12. Die Bürgerinnen und Bürger der Bundesrepublik können sich inzwischen zwar bequemer und umfassender über Missstände beschweren, aber sie haben kaum Rechte, ihre politischen Umstände mitzugestalten.

Rundherum haben Bürgerinnen und Bürger die Chance, ihr persönliches Votum abzugeben, zum Beispiel zur künftigen EU-Verfassung. Nur in Deutschland wähnt sich die „politische Klasse“ noch immer klüger.

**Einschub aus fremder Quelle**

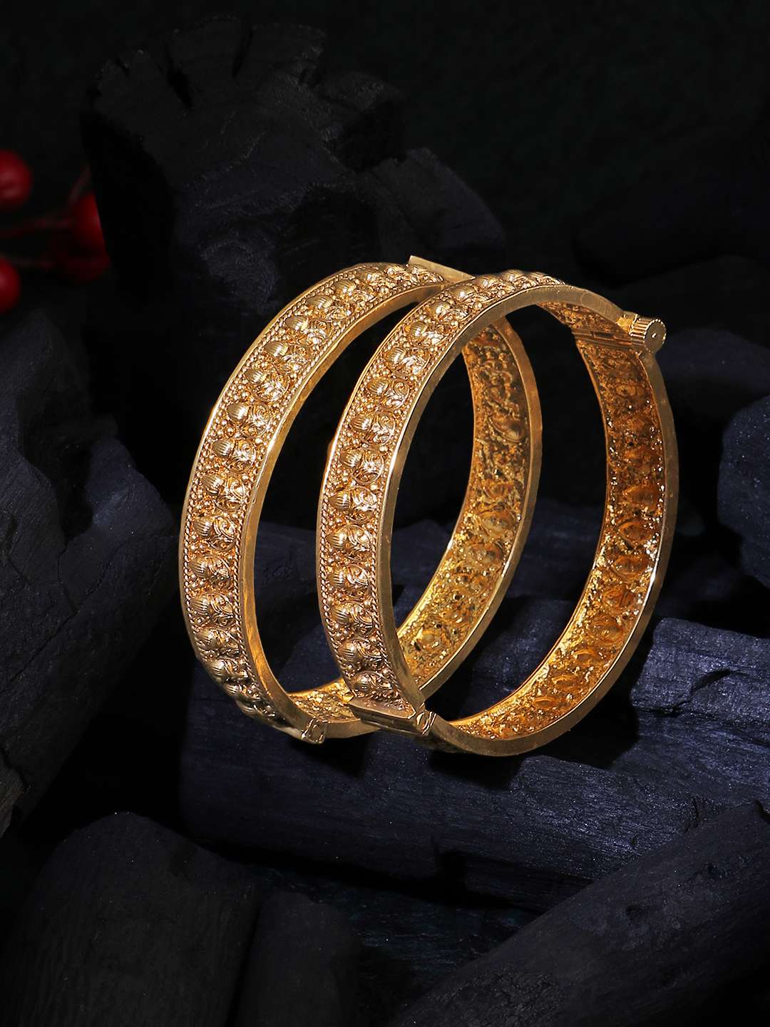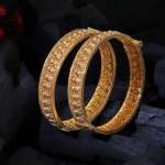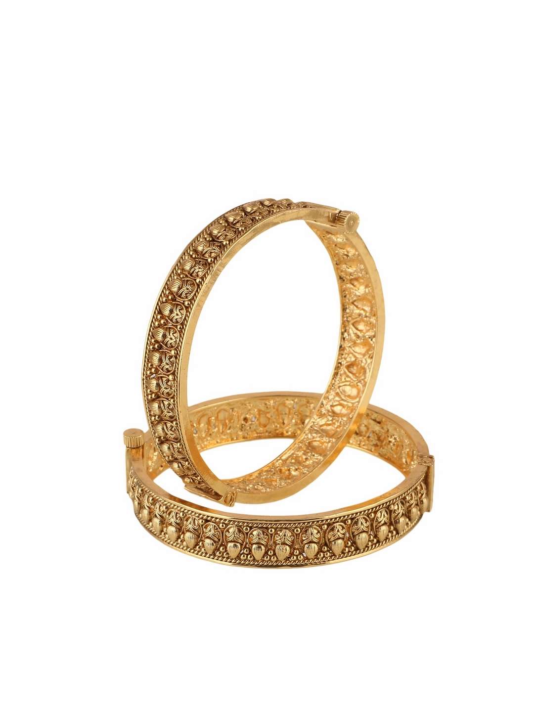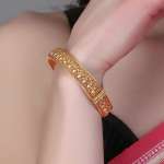 Women Gold-Plated Pearl-Beaded Flower Temple Bangles. Our gold plating is long lasting and non allergic to skin.

13. Das ist vor-demokratisch. Und ich habe es hier schon mehrfach gesagt: Es gehört zur Negativ-Bilanz von Rot-Grün, dass dieses Manko zementiert wurde, anstatt endlich wirklich „mehr Demokratie“ zu wagen.

Gegen Demokratie-Verdruss hilft letztlich nur mehr Demokratie. Bürgerinnen und Bürger wollen ernst genommen werden. Die Realität ist anders: Sie werden als Souverän gehandelt und als Problem behandelt.

14. Ich habe eingangs gefragt, was uns der Jahresbericht des Petitions-Ausschusses wirklich sagt. Und meine Antwort ist: Er stellt der bundes-deutschen Politik einen gefährlichen Befund aus.

Schauen Sie sich allein die Wahlbeteiligungen an. Wahlen sind der Demokratie kleinste Übungen. Aber schon sie gelten für eine Mehrheit als brotlos. Das Grundgesetz läuft leer, wie eine lecke Wanne.

15. Wer allerdings dafür die Bürgerinnen und Bürger in Haftung nimmt, hat nichts verstanden. „Wählt euch doch einfach ein neues Volk“, hatte Bert Brecht der DDR-Regierung ins Stammbuch 1953 geschrieben.

Er würde es wieder schreiben. Und Heiner Müller resümierte nach 1990: „Wir stecken jetzt knietief im Kapitalismus!“ Lassen sie uns endlich darüber nachdenken. Der Petitions-Bericht liefert dazu genug Anlässe.